MirrorCode is a new coding benchmark from Epoch AI and METR that asks a harder question than whether an AI model can patch a bug or solve a short programming challenge. It tests whether models can rebuild complete programs from scratch, without access to the original source code, and match the original behavior closely enough to pass hidden end-to-end tests.
The results show both real progress and clear limits. Claude Opus 4.7 leads the benchmark, while every tested model still fails on the most complex tasks.
What MirrorCode Measures
MirrorCode is built around 25 target programs. The programs span Unix utilities, data serialization, bioinformatics, interpreters, static analysis, cryptography, and compression.
The task is not simply to write code that looks plausible. Each AI-generated solution must reproduce the output of the original program. That includes tests the model does not see while it is developing its answer.
This makes the benchmark a test of sustained software reconstruction. A model has to infer how a program should behave, implement that behavior, and keep working across a larger codebase than typical coding tests require.
MirrorCode also differs from many software engineering benchmarks in the amount of compute it allows. The source describes existing benchmarks as often limiting task costs to $1 to $10, even when a human might need weeks for a comparable job. MirrorCode includes much larger runs.

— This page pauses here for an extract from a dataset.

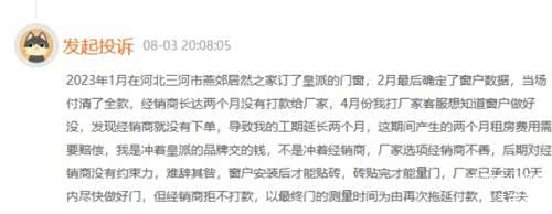 根据黑猫投诉平台显示,有消费者8月3日投诉称:“2023年1月在河北三河市燕郊居然之家订了皇派的门窗,2月最后确定了窗户数据,当场付清了全款,经销商长达两个月没有打款给厂家,4月份我打厂家客服想知道窗户做好没,发现经销商就没有下单,导致我的工期延长两个月,这期间产生的两个月租房费用需要赔偿,我是冲着皇派的品牌交的钱,不是冲着经销商,厂家选经销商不善,后期对经销商没有约束力,难辞其咎,窗户安装后才能贴砖,砖贴完才能量门,厂家已承诺10天内尽快做好门,但经销商拒不打款,以最终门的测量时间为由再次拖延付款,望解决。”

The 19-Day Run Shows the Scale
One of the largest MirrorCode tasks cost $2,600 for a single run, according to Epoch AI. The AI worked continuously for 19 days with no human involvement.
That detail matters because it changes the frame for evaluating AI coding systems. A short benchmark can show whether a model can solve compact tasks. A long run tests whether the model can keep making progress when the work stretches across many steps, files, and decisions.

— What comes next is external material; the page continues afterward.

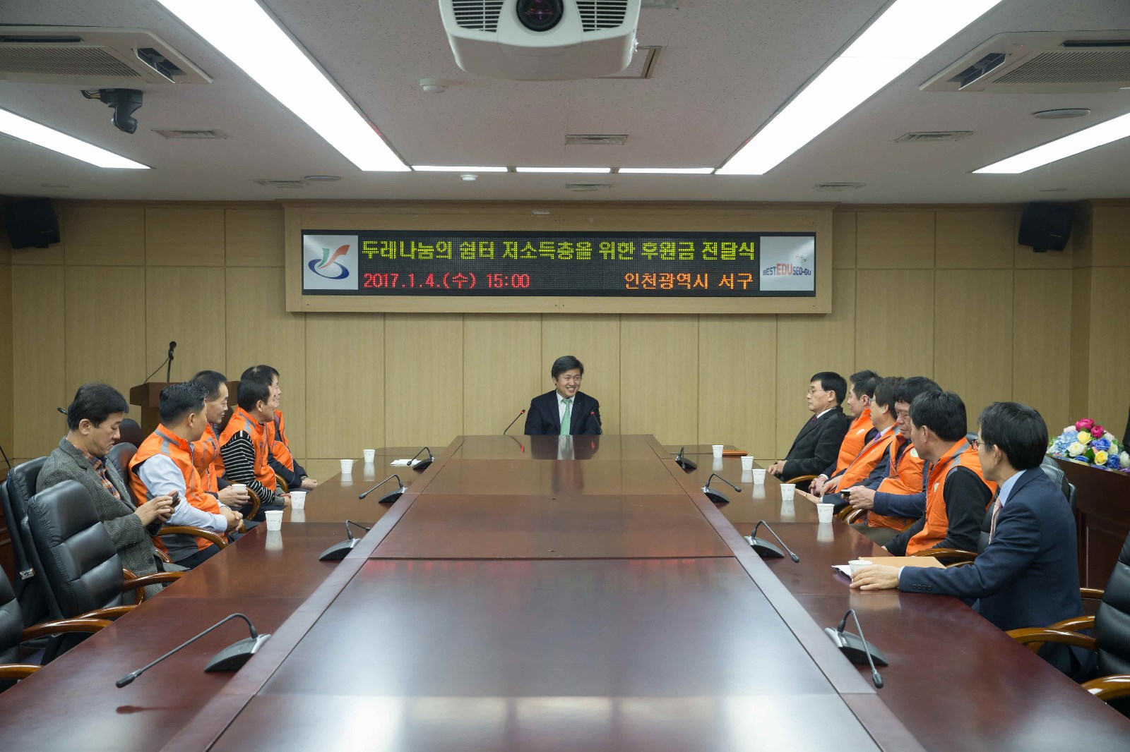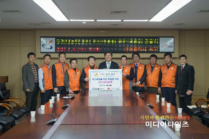 [미디어타임즈=문상수 기자] 지난 4일 두레나눔의 쉼터(회장 이윤근)는 인천 서구청(청장 강범석)을 방문하여 서구 관내 저소득층을 위한 후원금으로 1,050만원을 기탁했다. 석남동에 소재한 두레나눔의 쉼터는 2013년 4월에 설립한 비영리단체로 어려운 이웃을 돕는 기부문화를 실천하고 있으며, 불우청소년을 위한 장학금 지원, 어버이날 경로잔치 등 평소 주위의 어려운 이웃들을 위해 사회공헌활동을 진행해 왔다.이번 성금은 사골육수 판매 수익금으로 마련된 것으로 기존에는 석남동 위주로 활동하였으나 이번에는 서구 전체 21개동에 50만원씩 배분하여 저소득 청소년이나 독거노인 등 105명에게 전달될 예정이며, 또한 석남1동에 추가로 후원금 500만원을 기탁할 예정이라고 밝혔다.전달식에 참석한 강범석 서구청장은 “어려운 경제 환경속에서도 작은 정성을 모아 나눔을 실천하고자 하는 회원분들께 감사드리며, 앞으로도 지역사회 나눔 문화 확산을 위해 앞장서 주시기 바란다.”고 전했다

The benchmark therefore sits closer to the kind of software work where persistence matters. A program has to be rebuilt as a working whole, not just answered as a prompt.
But the result also shows that more time and money do not automatically solve the hardest cases. The largest tasks in MirrorCode remain unsolved by all tested models.
Claude Opus 4.7 Leads the Field
Claude Opus 4.7 is the top performer reported in the source, with a 56 percent solve rate. GPT-5.5 follows at 44 percent, and Gemini 3.1 Pro Preview reaches 32 percent.
The strongest example is Claude Opus 4.7 reimplementing gotree, a bioinformatics toolkit. The toolkit has roughly 16,000 lines of Go code and over 40 commands.
Epoch AI says a human engineer working without AI help would need 2 to 17 weeks for that same job. Claude Opus 4.7 finished in 14 hours for $251.
That does not mean the benchmark is solved. Even when models fail to fully reimplement a program, they typically pass 90 percent or more of the tests. In practical terms, that is impressive and still incomplete. Passing most tests is not the same as reproducing a whole program correctly.
Where The Models Still Break
MirrorCode divides tasks into small, medium, and large categories. Small programs such as uuid or parseqsv are reliably reimplemented by all tested models.
The largest tasks are different. They beat every model tested, which shows that current AI coding systems still struggle when the target program becomes sufficiently complex.
The researchers are seeing rapid gains, however. Epoch AI says leading models from a year ago would have scored only about 30 percent and would have been limited to simpler programs such as a calendar utility.
Cost is not moving in a simple direction. GPT-5.5 costs three times as much as GPT-5 for the same tasks, while Claude Opus 4.7 runs three times cheaper than Claude Opus 4.1.
That mixed cost picture is important for anyone comparing models on long software tasks. A higher score, a lower bill, and a faster run do not always arrive together.
Open Source Targets Come With A Caveat
Epoch AI has open-sourced the scaffold and 22 of the 25 target programs. The released set covers 132 task instances across six programming languages. Three programs are kept private for testing.
There is one major caveat. MirrorCode uses open-source programs as targets, so the models may have encountered the original code during training.
the results were not dominated by memorization, but we cannot rule out the possibility that memorization contributes to AI performance
That caveat does not erase the benchmark results, but it affects how they should be read. MirrorCode is evidence that models can perform long, demanding programming work under these conditions. It is not proof that they always reasoned out every implementation from first principles.
The clearer takeaway is narrower and more useful: AI coding systems are becoming capable of rebuilding sizable programs, sometimes quickly and at notable cost, but the most complex reconstruction tasks still expose hard limits.